When the FBI warned iPhone and Android users to stop texting, it caused a viral storm. It exposed SMS messaging (again) for being woefully insecure and vulnerable to attack. This was nothing new — texting has been the subject of countless warnings, especially when it comes to its widespread use for two-factor authentication (2FA) and by cyber criminals sending millions of unpaid toll and undelivered package messages.
The smart advice has been to switch to a fully encrypted platform. WhatsApp usually comes top of the polls, given its vast 3-billion-plus user base, its ease of use, and its seamless interoperability across Android and iPhone. Signal has always been seen as better — and was CISA’s pick as an alternative to SMS for Americans. But that gloss has been somewhat dulled by its ill-advised use for secretive war planning.
SMS cannot be end-to-end encrypted — it’s an archaic system that relies on networks to collaborate in moving messages from sender to receiver. That’s why China’s ownership, control and influence of telco networks enables its spies to intercept traffic. The answer is RCS, essentially an SMS replacement. But that’s still not fully encrypted except within Android’s walled garden — albeit that should change later this year.
As such, the advice for users is to use iMessage within Apple’s walled garden and RCS within Android’s walled garden, and then to use RCS between the two mobile ecosystems when it’s upgraded. All very simple, yes? Unfortunately not. A new warning has just thrown something else into the mix. And this is only going to get worse.

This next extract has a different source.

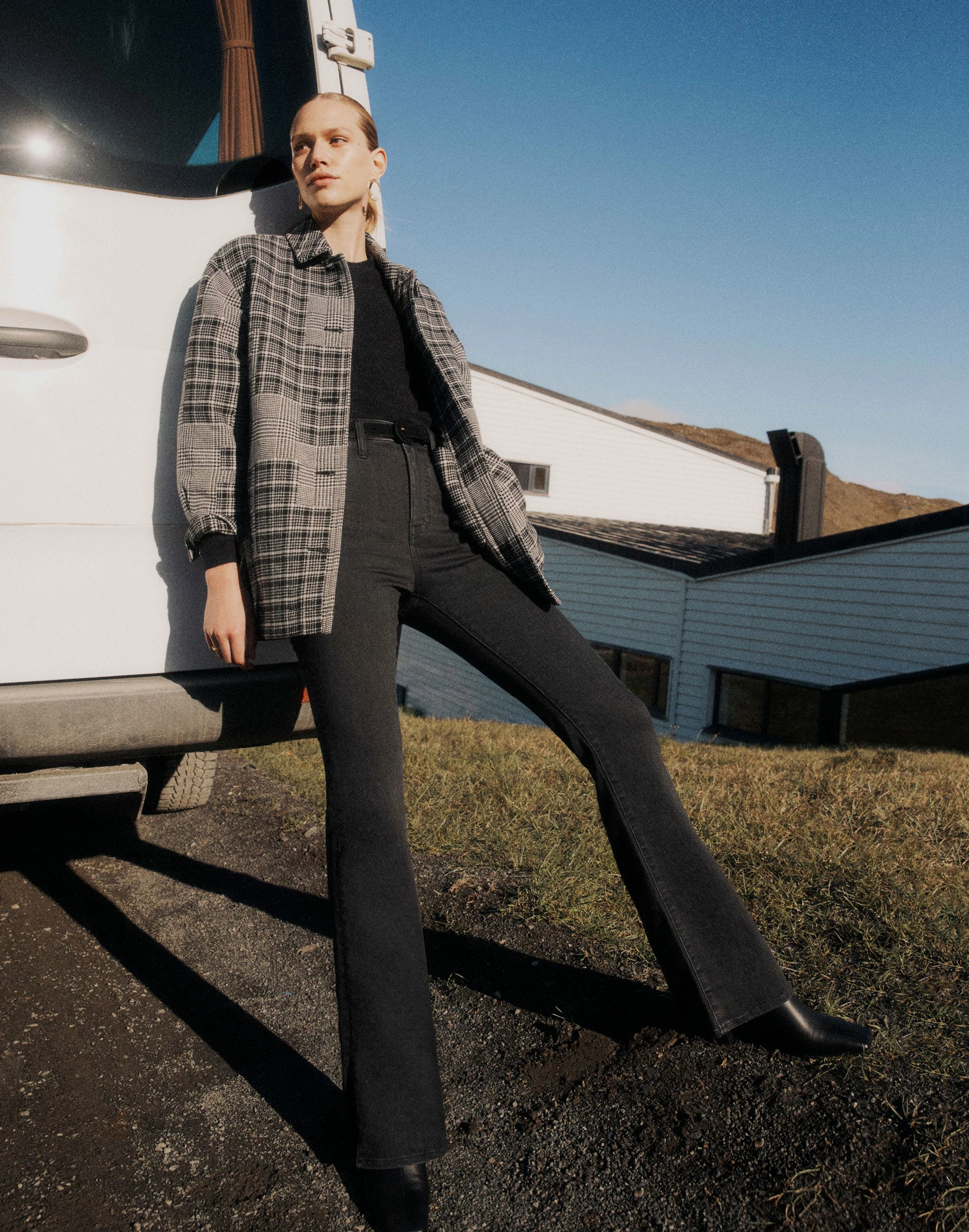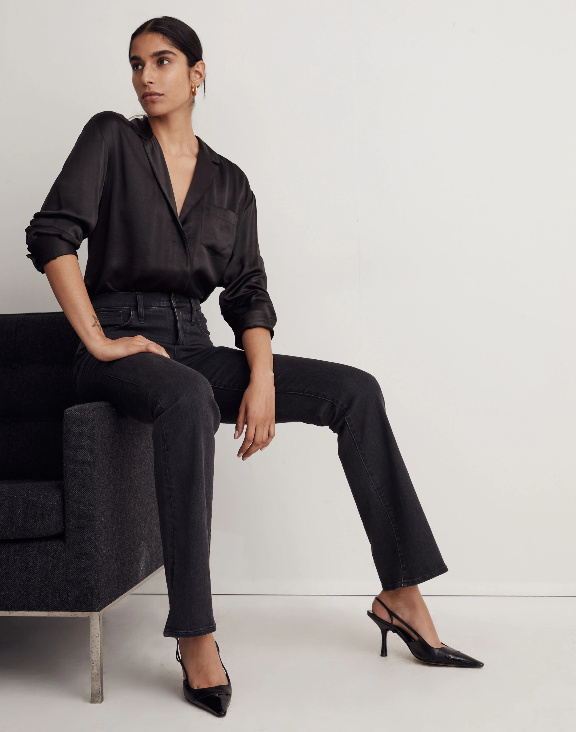 - 11″ high rise, fitted through hip and thigh, 17″ flare leg opening, 32″ full-length inseam.

In its latest report, Resecurity warns that a new smishing (SMS-based phishing) attack on a “massive scale” is heading for iPhone and Android users in the U.S. and Europe. “One identified threat actor,” it says, “can send up to 2,000,000 smishing messages daily,” which means “up to 60,000,000 victims per month, or 720,000,000 per year, enough to target every person in the US at least twice every year.”
Nothing new here. Smishing is a top-level threat and the unpaid toll campaign sweeping America state to state has been making headlines for a year. But those are SMS text messages, and in their latest campaigns these threat actors “prefer modern messaging platforms because they provide a richer set of tools for creating convincing attacks, better engagement features, and more sophisticated methods of deception.”
The next wave of attacks will move beyond unpaid tolls texts to steal your Apple and Google Wallet card details. And “unlike SMS, which relies on cellular networks, Apple iMessage and Android RCS use internet-based communication… the ability to leverage internet-based communication and platform-specific features makes these attacks more effective and challenging to detect than traditional SMS-based approaches.”
This highlights one vulnerability that RCS and iMessage share with SMS — its integration into core network messaging. While there are attempts to filter likely spam and scam messages, and Google’s new one click spam button helps, attackers know how to revolve numbers and can even use AI to vary content to bypass defenses.
Google and Apple will have an opportunity to take back some of the ground ceded to Meta’s WhatsApp over the last decade when cross-platform end-to-end encrypted messaging finally goes live. But unless some combination of telco networks, Apple and Google can slay China’s smishing dragon, it will be impossible to recommend this as an alternative to WhatsApp, Signal or other over-the-top options.